§ **DATA BLOCK**
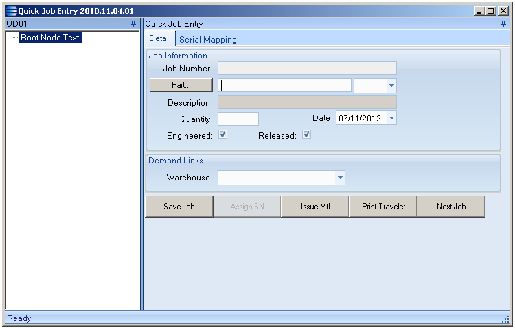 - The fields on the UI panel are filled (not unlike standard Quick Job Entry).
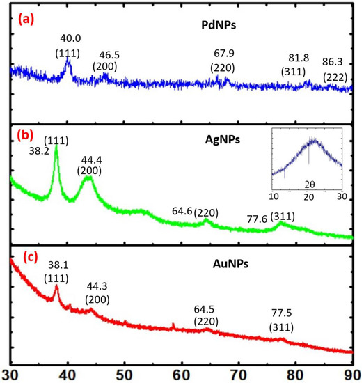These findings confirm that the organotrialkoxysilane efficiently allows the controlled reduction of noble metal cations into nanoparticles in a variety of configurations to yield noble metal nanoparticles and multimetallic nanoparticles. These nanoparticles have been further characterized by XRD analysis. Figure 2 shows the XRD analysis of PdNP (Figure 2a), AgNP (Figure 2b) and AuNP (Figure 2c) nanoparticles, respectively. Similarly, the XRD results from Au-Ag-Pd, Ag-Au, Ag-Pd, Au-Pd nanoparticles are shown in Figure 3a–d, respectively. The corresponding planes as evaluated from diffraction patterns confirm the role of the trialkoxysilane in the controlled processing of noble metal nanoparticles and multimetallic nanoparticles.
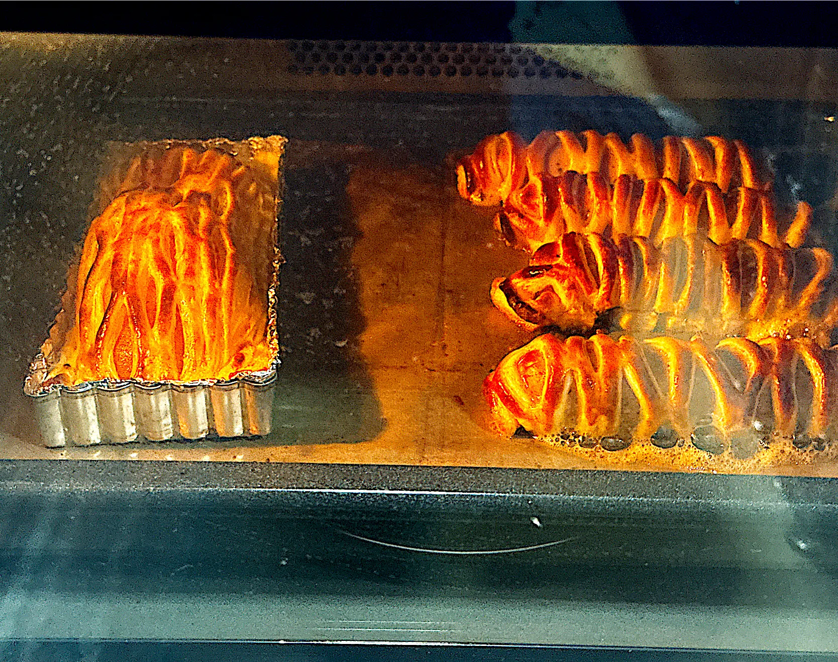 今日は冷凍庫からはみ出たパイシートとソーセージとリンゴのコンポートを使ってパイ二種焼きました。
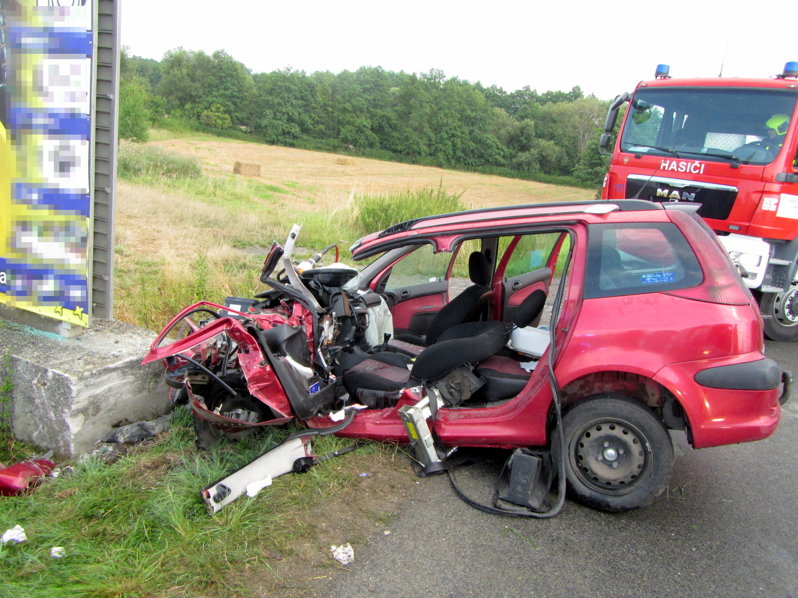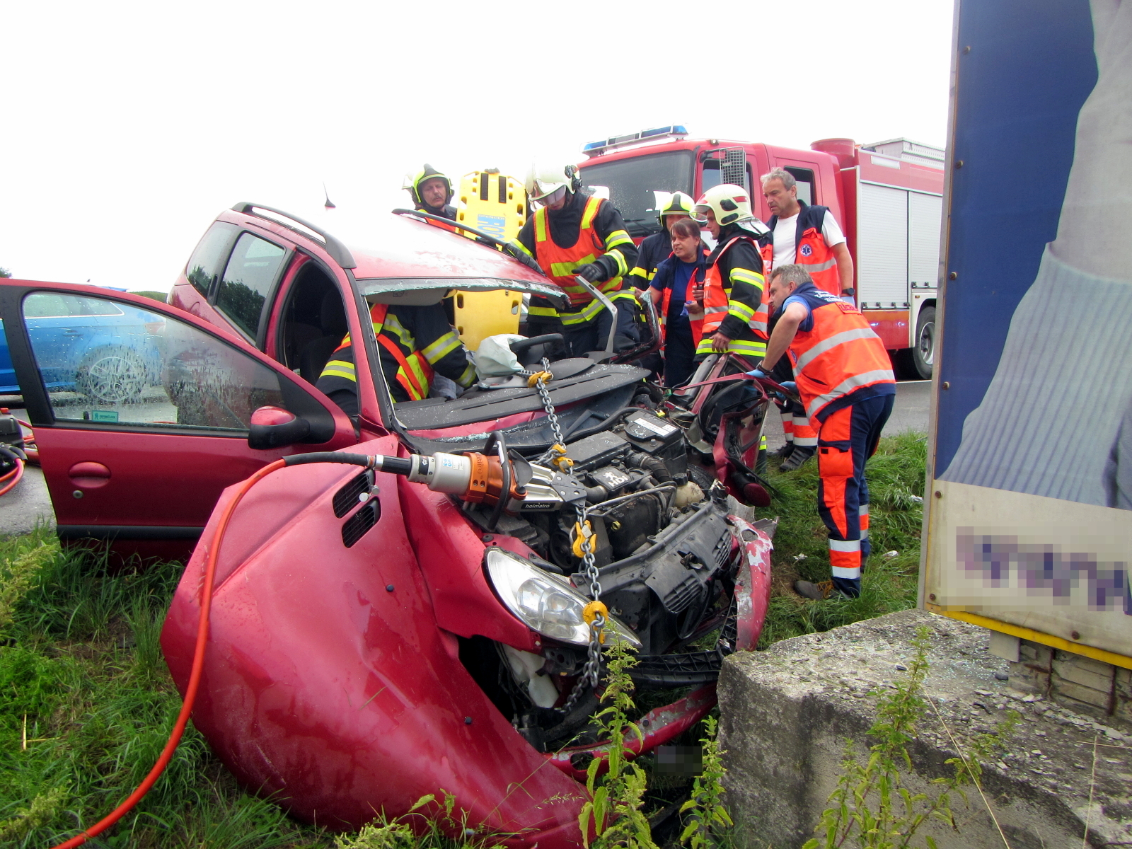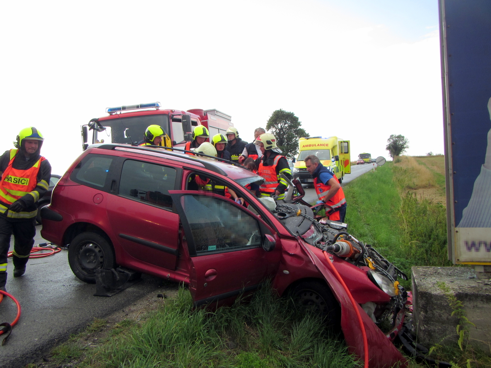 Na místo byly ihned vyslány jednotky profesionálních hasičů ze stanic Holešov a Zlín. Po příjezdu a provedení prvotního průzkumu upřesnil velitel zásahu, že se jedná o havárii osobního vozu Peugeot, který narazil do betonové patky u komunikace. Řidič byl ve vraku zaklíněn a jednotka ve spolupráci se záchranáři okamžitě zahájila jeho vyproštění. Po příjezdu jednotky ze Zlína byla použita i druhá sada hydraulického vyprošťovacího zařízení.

§ **REQUIRED WORK**
All of the data, minus its pictures, should be repeated exactly.

§ **SOLVED PROBLEM**
 - The fields on the UI panel are filled (not unlike standard Quick Job Entry).
These findings confirm that the organotrialkoxysilane efficiently allows the controlled reduction of noble metal cations into nanoparticles in a variety of configurations to yield noble metal nanoparticles and multimetallic nanoparticles. These nanoparticles have been further characterized by XRD analysis. Figure 2 shows the XRD analysis of PdNP (Figure 2a), AgNP (Figure 2b) and AuNP (Figure 2c) nanoparticles, respectively. Similarly, the XRD results from Au-Ag-Pd, Ag-Au, Ag-Pd, Au-Pd nanoparticles are shown in Figure 3a–d, respectively. The corresponding planes as evaluated from diffraction patterns confirm the role of the trialkoxysilane in the controlled processing of noble metal nanoparticles and multimetallic nanoparticles.
 今日は冷凍庫からはみ出たパイシートとソーセージとリンゴのコンポートを使ってパイ二種焼きました。
 Na místo byly ihned vyslány jednotky profesionálních hasičů ze stanic Holešov a Zlín. Po příjezdu a provedení prvotního průzkumu upřesnil velitel zásahu, že se jedná o havárii osobního vozu Peugeot, který narazil do betonové patky u komunikace. Řidič byl ve vraku zaklíněn a jednotka ve spolupráci se záchranáři okamžitě zahájila jeho vyproštění. Po příjezdu jednotky ze Zlína byla použita i druhá sada hydraulického vyprošťovacího zařízení.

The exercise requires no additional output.